Components of various structures are manufactured using metal injection molding (MIM) techniques. MIM processes employ granular feedstock that includes powdered metal. Such feedstock is injected into a mold to form a green part, which is substantially geometrically similar to the final component, although the green part may be oversized relative to the final component to account for shrinkage during the subsequent sintering step. Next, the green part is subjected to de-binding, for example in a thermal or solvent-based process, to remove the binder and form a brown part. The brown part is then sintered at high temperatures to form the final, substantially metallic component.

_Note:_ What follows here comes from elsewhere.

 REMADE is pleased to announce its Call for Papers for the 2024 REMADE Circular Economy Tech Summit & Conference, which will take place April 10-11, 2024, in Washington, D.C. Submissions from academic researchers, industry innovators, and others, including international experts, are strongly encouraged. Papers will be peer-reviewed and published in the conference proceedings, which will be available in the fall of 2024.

It is often necessary and/or desirable to quantify certain material properties of MIM-manufactured components by testing coupons, formed in the same way and from the same materials as the components of interest. Such test coupons typically have a reduced central cross-sectional area and are sometimes referred to as “dog bone” coupons. When injecting feedstock through the mold during the MIM process to produce a test coupon, the reduced central cross-sectional area acts as a restriction that inhibits proper flow of the feedstock through the reduced-area section of the coupon. If feedstock injection pressure is increased to overcome the restriction, in some cases feedstock material is pushed through the restriction too quickly, shearing the binder away from the feedstock. If the binder is not uniformly distributed throughout the green test coupon after the injection-molding process is completed, the coupon may become warped during sintering. On the other hand, if the feedstock is pushed through the restriction too slowly, the binder cross-links before injection is completed, and the feedstock material tends to solidify, preventing further injection.

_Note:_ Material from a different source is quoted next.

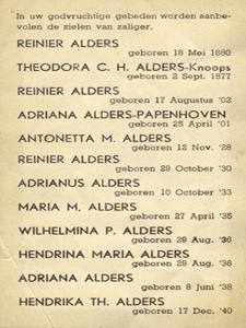 Reinier is een zoon van Reinier Alders (geboren 1902) en van Adriana van Papenhoven. Negen van de tien kinderen van dit gezin kwamen samen met de ouders en grootouders om bij de bominslag op de kapokfabriek. Dit gezin schuilde in de kelders van de kapokfabriek samen met de grootouders Alders-Knoops en het gezin Schmidt-Alders in de veronderstelling dat die kelders veilig waren en bominslagen konden weerstaan. Helaas bleek dat laatste niet het geval.
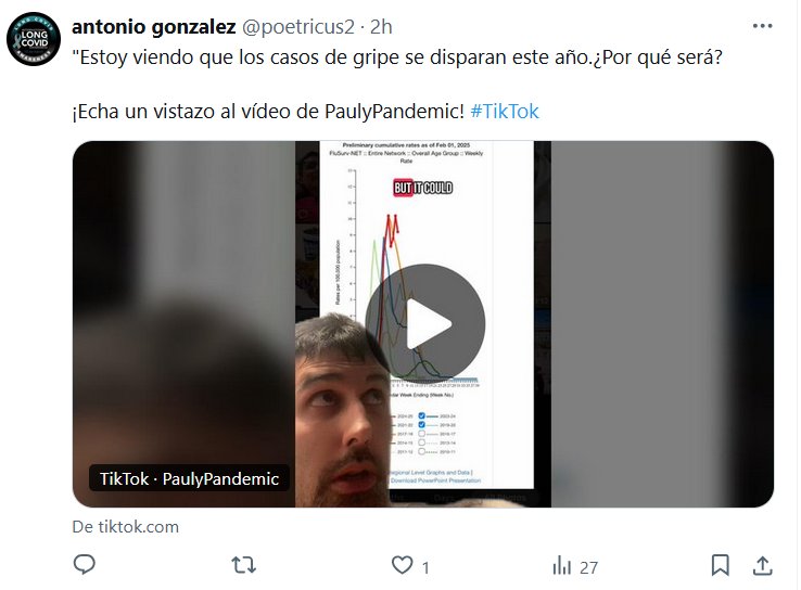 QUÉ ES UNA PREGUNTA COVIDIOTA? «Estoy viendo que los casos de gripe se disparan este año.¿Por qué será? ¡Echa un vistazo al vídeo de PaulyPandemic! #TikTok Posted on febrero 9, 2025 por coronado https://www.tiktok.com/@paulypandemic/video/7469292025255333162?_t=ZN-8tlnmkbmTry&_r=1

Due to the fact that green parts are relatively brittle, a long, narrow green part having a reduced-area central section may not survive typical mold-ejection techniques without damage. Mold-release agents are typically not used in MIM processes because of potential feedstock contamination problems. Accordingly, an increased number of ejector pins may be incorporated into the mold to provide better distribution of the ejection force, experienced by the green test coupon during the mold-release step, in an attempt to reduce the possibility of damaging the coupon as it is released from the mold. However, since the long, narrow shape and the reduced central cross-sectional area of the coupon require elevated injection pressures during the MIM processes, binder may flow into spaces between the ejector pins and the mold, causing the ejector pins to stick to the mold and become incapable of ejecting the coupon from the mold. Moreover, a long, narrow green part having a reduced-area central section, such as a green test coupon formed by an MIM process, as described above, may warp at the elevated temperatures, associated with sintering.
A green test coupon formed in an MIM process may also have undesirable “flash,” i.e., ridges of excess material, formed by feedstock, seeping into the mold parting lines during the MIM process. Removal of flash from a long, narrow green part using conventional manual techniques introduces the risk of damaging the coupon.